可是,笼中鸟,无论是养尊处优的金丝雀,还是终有一死的斗鸡,都打不开那扇门。
笼门只会从外面被打开。
它打开了,一个高大的身影闯进来。
余桥认得来人,是过去十天给她做陪练的那个女人,骆咏鲲的手下,沉默寡言却力大无穷。
余桥不想思考她的来意,径直绕过她,并在被她扯住胳膊的一瞬转身反刺——咣当!
女人轻松地卸掉了她的刀子,接着掐住她的后颈,抓住她运动短裤的后腰,一把将她举过头顶。
力气真大呀!
余桥在半空中感慨。然后,她终于看到了时盛。
即便泪流满面,可于一众扭曲的面孔当中,他仍像个漂亮规整的手写汉字。
“时盛,我爱你,很爱很爱……”
话未尽,她便像塔那温一样,飞向了深渊。不同的是,她是被摔下去的。
在下落的途中,余桥感觉自己轻盈如羽毛。
飘飘悠悠地下坠,她听到上方传来奇怪的闷响与模糊的喊话声,看到围在悬崖边的兽影惊叫着四散奔逃。
猎人来了吗?
一块落石擦着她急速坠落。是那个摔她的女人。
……发生什么事了?
不过似乎也没必要计较发生的事了。她手刃了一个活生生的人,已经没资格计较人间种种了。

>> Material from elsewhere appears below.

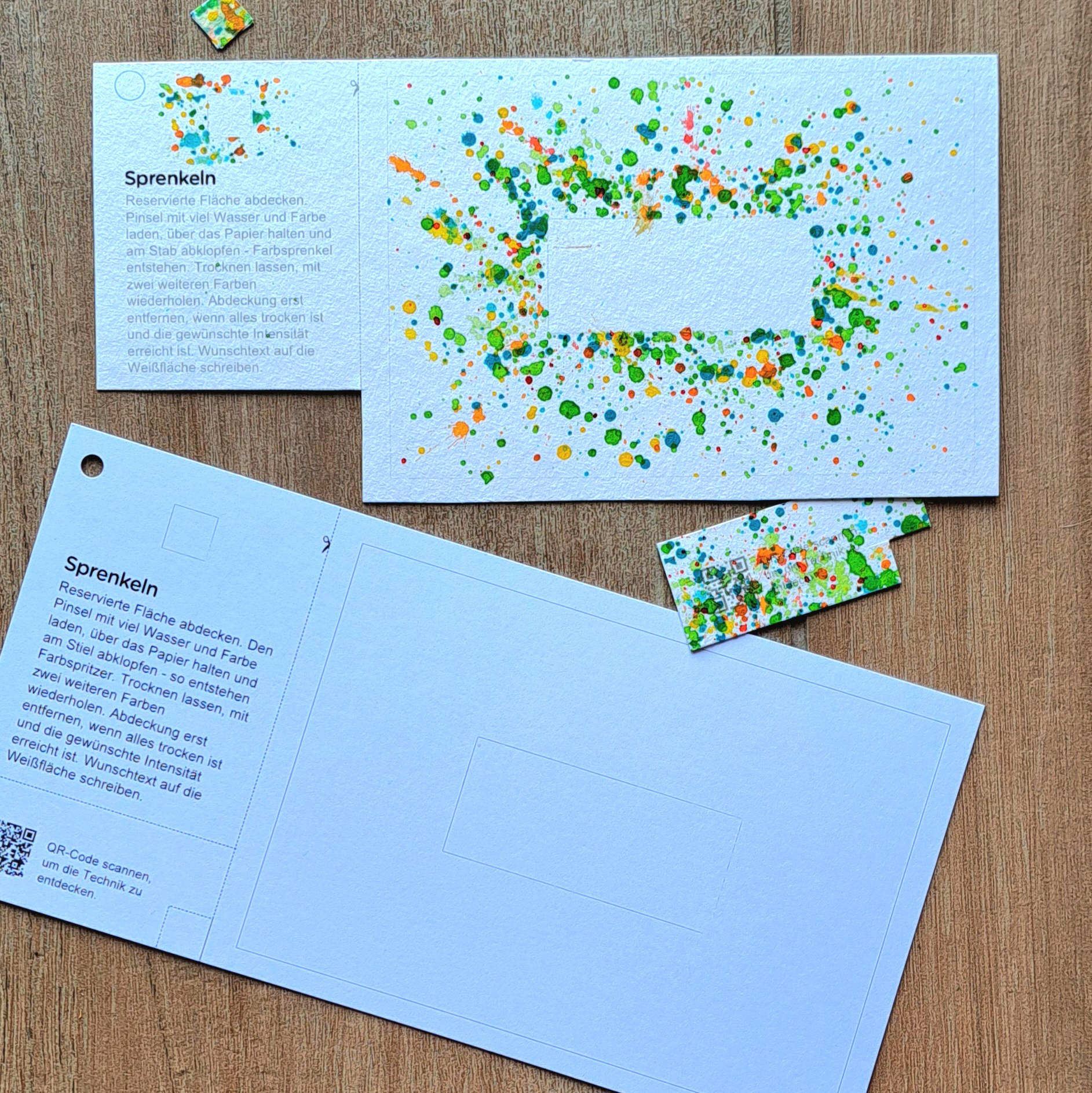 So funktioniert’s: Jede Postkarte enthält: Eine kurze Anleitung Einen QR-Code mit Demo und zusätzlichen Tipps Eine kleine Übung Eine "große" Übung direkt auf der Postkarte

就让深渊之下的地狱烈火焚烧吧!把她这个罪人,烧成灰。
“余桥!”
谁?
横空出现一双手,接住了飘摇的羽毛。
余桥感受到了掌心的温度和粗糙的茧。
那是……
“余桥。”
有泪落下来,滚烫的苦涩。
“没事了没事了……我……我带你回家……”
第99章99醒了
宋干节假期后的第一天,嵊武圣迦南国际医院,晚上九点半,一个小个子护士轻手轻脚地退出602病房,端着托盘一路小跑到值班护士站。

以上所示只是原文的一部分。